- DATA EXTRACT -
§ §
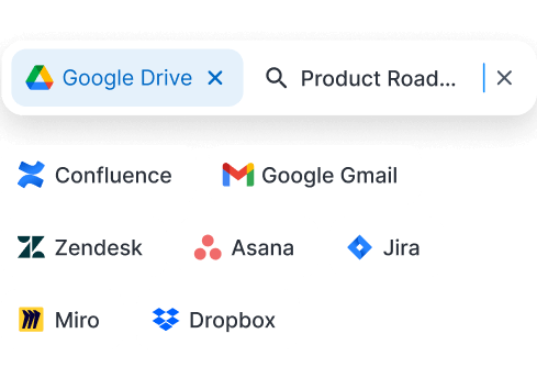 Reach outside your knowledge ecosystem and easily across popular external platforms such as Asana, Box, Dropbox, Jira, SharePoint, Confluence, Miro, Trello and Zendesk..
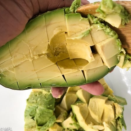 You'll want to start by cutting your avocado in half, around the huge seed in the middle and separating it into two. Next, cut your avocado in medium sized square pieces, slicing the avocado but not cutting through the skin. I use a small paring knife. Lastly, you will take a spoon and scoop the avocado into the bowl. Your avocado should fall into the bowl in nice square pieces.
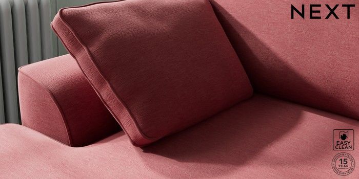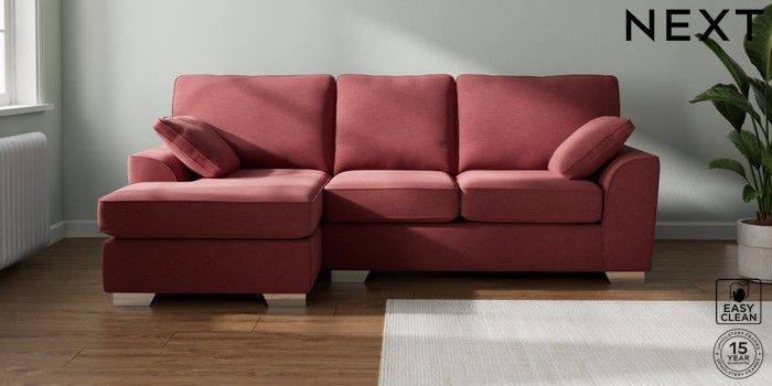 7.2.10 Stamford Medium Sofa Chaise - Left Hand Fine Chenille Easy Clean Mid Pink Large Square Angle - Chrome Metal | Made Click here to use our website with more accessibility support, for example screen readers
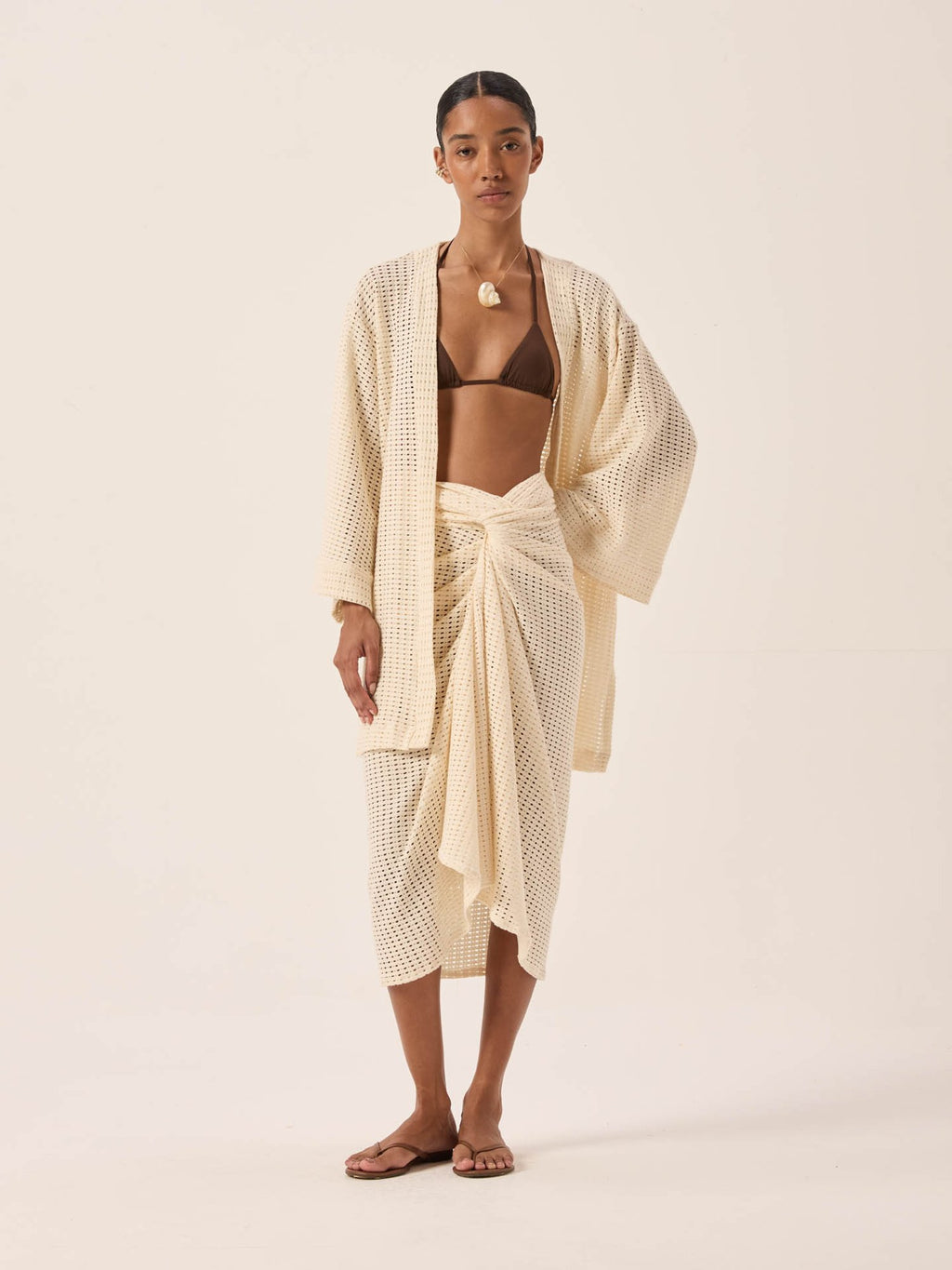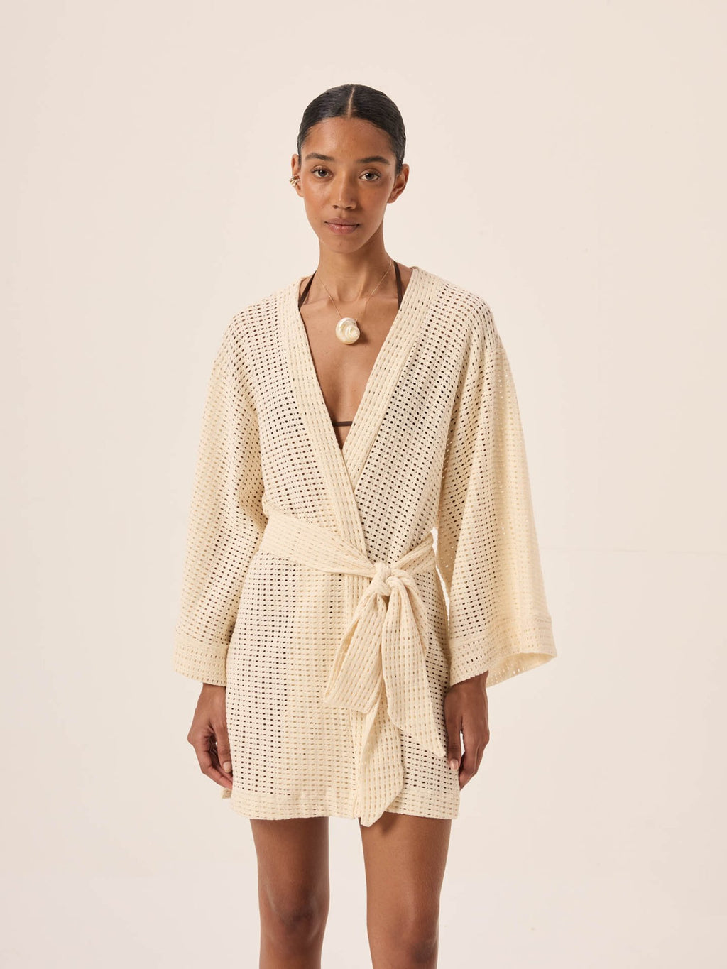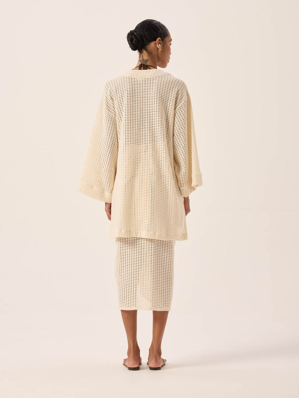 Kimono de shape amplo, confeccionado em tecido leve e vazado, com textura delicada que garante frescor e movimento. Possui pala estruturando o caimento, mangas 7/8 amplas e comprimento versátil, ideal para sobreposições elegantes.
§ §
The whole listing above is to be repeated exactly, apart from its pictures.

- EXERCISE SOLUTION -
 Reach outside your knowledge ecosystem and easily across popular external platforms such as Asana, Box, Dropbox, Jira, SharePoint, Confluence, Miro, Trello and Zendesk..
 You'll want to start by cutting your avocado in half, around the huge seed in the middle and separating it into two. Next, cut your avocado in medium sized square pieces, slicing the avocado but not cutting through the skin. I use a small paring knife. Lastly, you will take a spoon and scoop the avocado into the bowl. Your avocado should fall into the bowl in nice square pieces.
 7.2.10 Stamford Medium Sofa Chaise - Left Hand Fine Chenille Easy Clean Mid Pink Large Square Angle - Chrome Metal | Made Click here to use our website with more accessibility support, for example screen readers
 Kimono de shape amplo, confeccionado em tecido leve e vazado, com textura delicada que garante frescor e movimento. Possui pala estruturando o caimento, mangas 7/8 amplas e comprimento versátil, ideal para sobreposições elegantes.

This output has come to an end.